Now we can write a plotting function that will read these results and flag the data.

from datetime import datetime

import numpy as np
import matplotlib.pyplot as plt



def plot_results(data, variable_name, results, title, test_name):
    time = data.cf["time"]
    obs = data[variable_name]
    qc_test = results["qartod"][test_name]

    qc_pass = np.ma.masked_where(qc_test != 1, obs)
    qc_suspect = np.ma.masked_where(qc_test != 3, obs)
    qc_fail = np.ma.masked_where(qc_test != 4, obs)
    qc_notrun = np.ma.masked_where(qc_test != 2, obs)

    fig, ax = plt.subplots(figsize=(15, 3.75))
    fig.set_title = f"{test_name}: {title}"
    
    ax.set_xlabel("Time")
    ax.set_ylabel("Observation Value")

    kw = {"marker": "o", "linestyle": "none"}
    ax.plot(time, obs,  label="obs", color="#A6CEE3")
    ax.plot(time, qc_notrun, markersize=2, label="qc not run", color="gray", alpha=0.2, **kw)
    ax.plot(time, qc_pass, markersize=4, label="qc pass", color="green", alpha=0.5, **kw)
    ax.plot(time, qc_suspect, markersize=4, label="qc suspect", color="orange", alpha=0.7, **kw)
    ax.plot(time, qc_fail, markersize=6, label="qc fail", color="red", alpha=1.0, **kw)
    ax.grid(True)


title = "Water Level [MHHW] [m] : Kotzebue, AK"

The gross range test test should fail data outside the \(\pm\) 10 range and suspect data below -2, and greater than 3. As one can easily see all the major spikes are flagged as expected.

plot_results(
    data,
    variable_name,
    qc_results,
    title,
    "gross_range_test"
)
../../../_images/2020-02-14-QARTOD_ioos_qc_Water-Level-Example_10_0.png

An actual spike test, based on a data increase threshold, flags similar spikes to the gross range test but also indetifies other suspect unusual increases in the series.

plot_results(
    data,
    variable_name,
    qc_results,
    title,
    "spike_test"
)
../../../_images/2020-02-14-QARTOD_ioos_qc_Water-Level-Example_12_0.png

The flat line test identifies issues with the data where values are “stuck.”

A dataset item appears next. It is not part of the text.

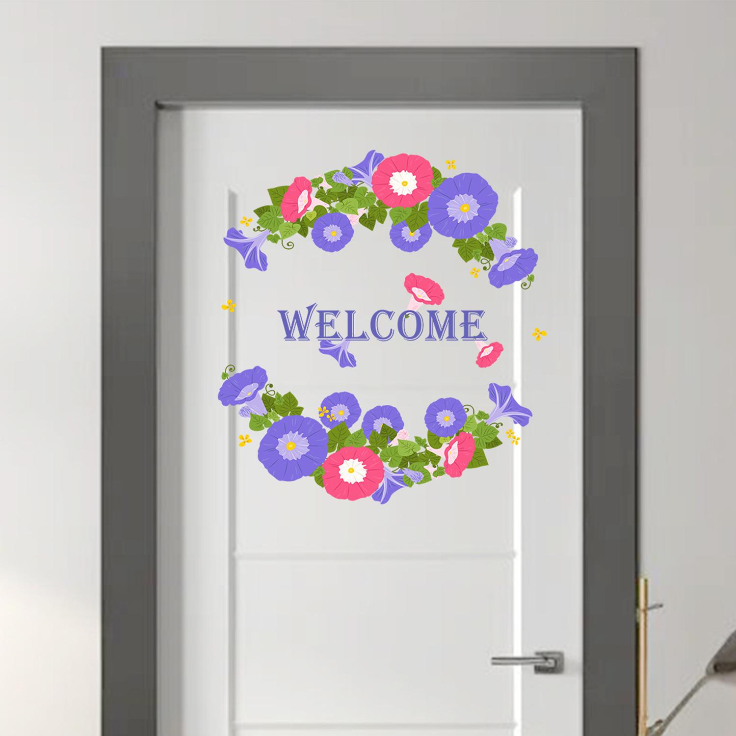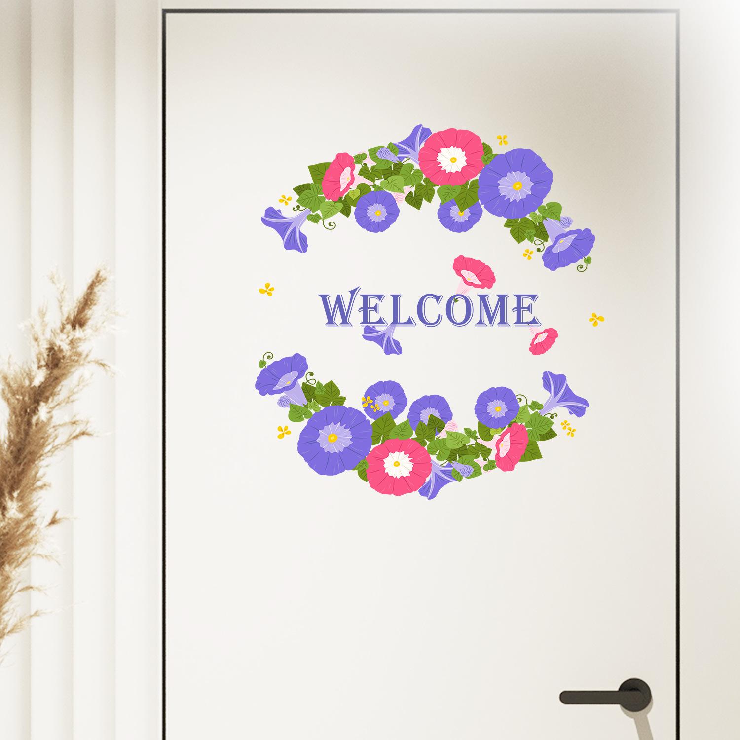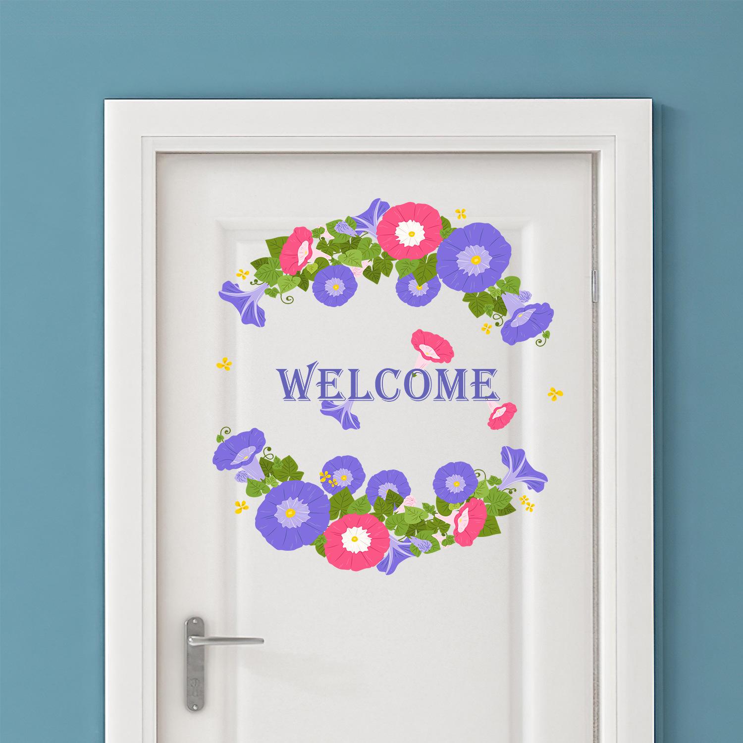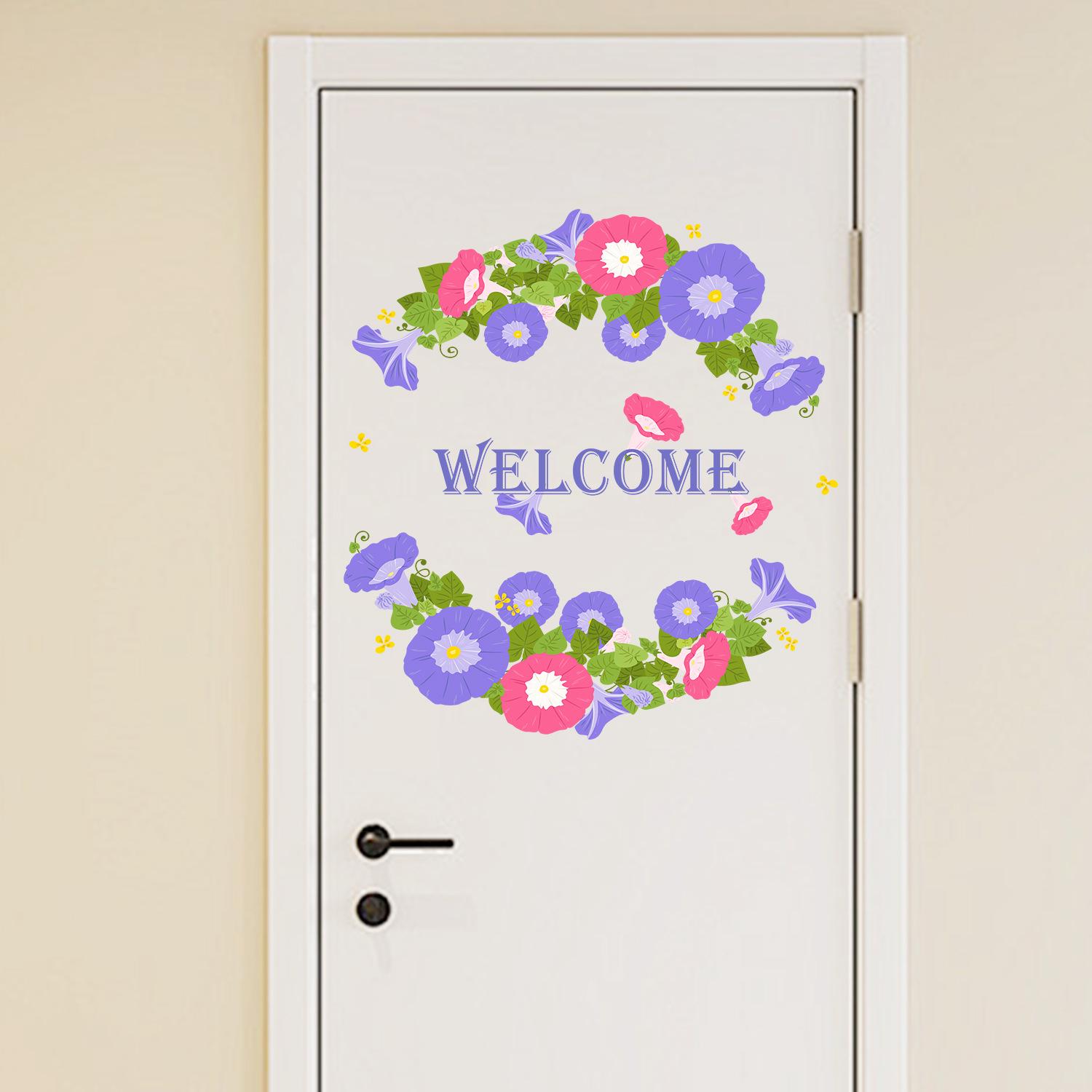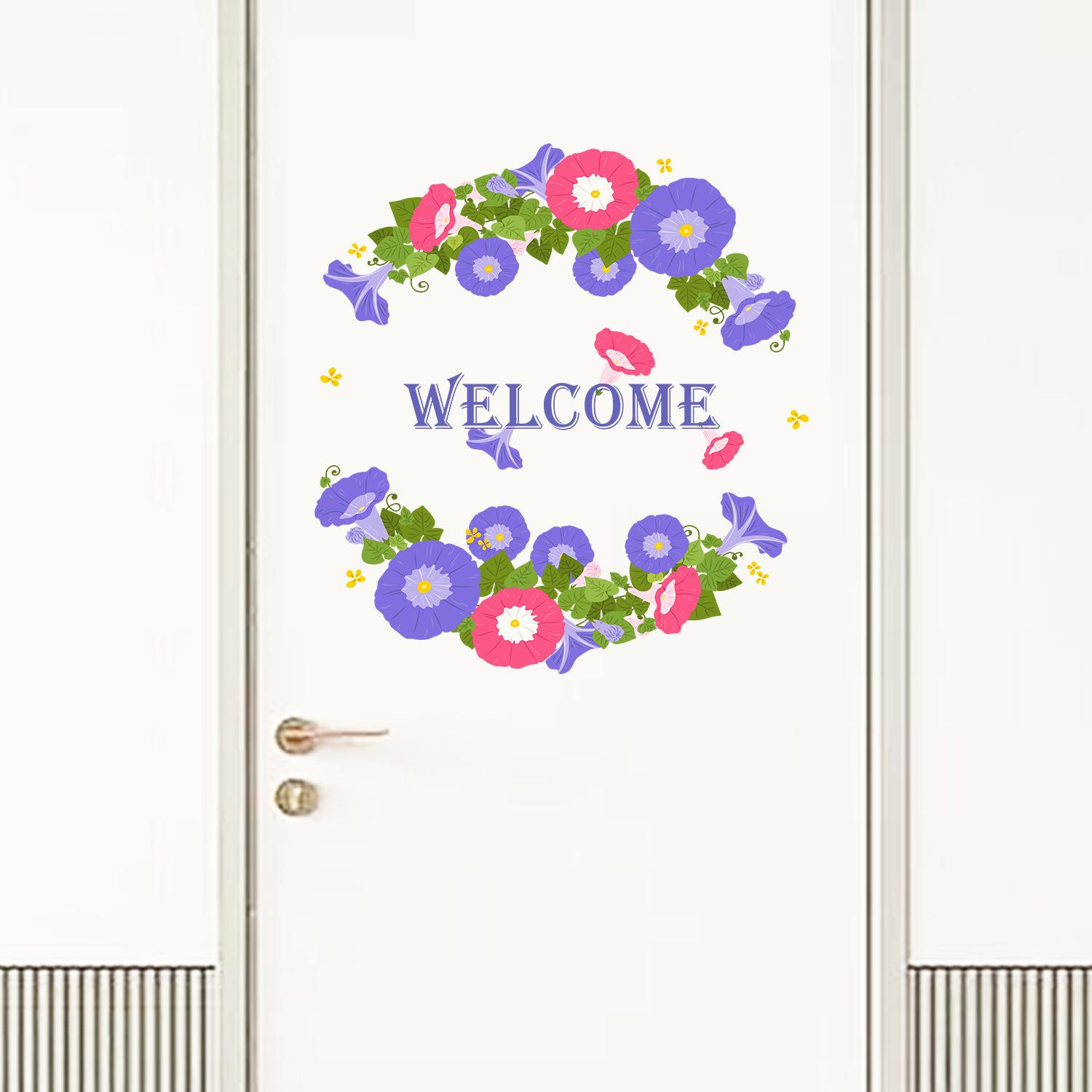 Calcomanías de flores de trompeta de bienvenida de Amazon transfronterizas, pegatinas para puerta, arreglos para dormitorio, sala de estar, decoración de pared.

ioos_qc succefully identified a huge portion of the data where that happens and flagged a smaller one as suspect. (Zoom in the red point to the left to see this one.)

plot_results(
    data,
    variable_name,
    qc_results,
    title,
    "flat_line_test"
)
../../../_images/2020-02-14-QARTOD_ioos_qc_Water-Level-Example_14_0.png

This notebook was adapt from Jessica Austin and Kyle Wilcox’s original ioos_qc examples. Please see the ioos_qc documentation for more examples.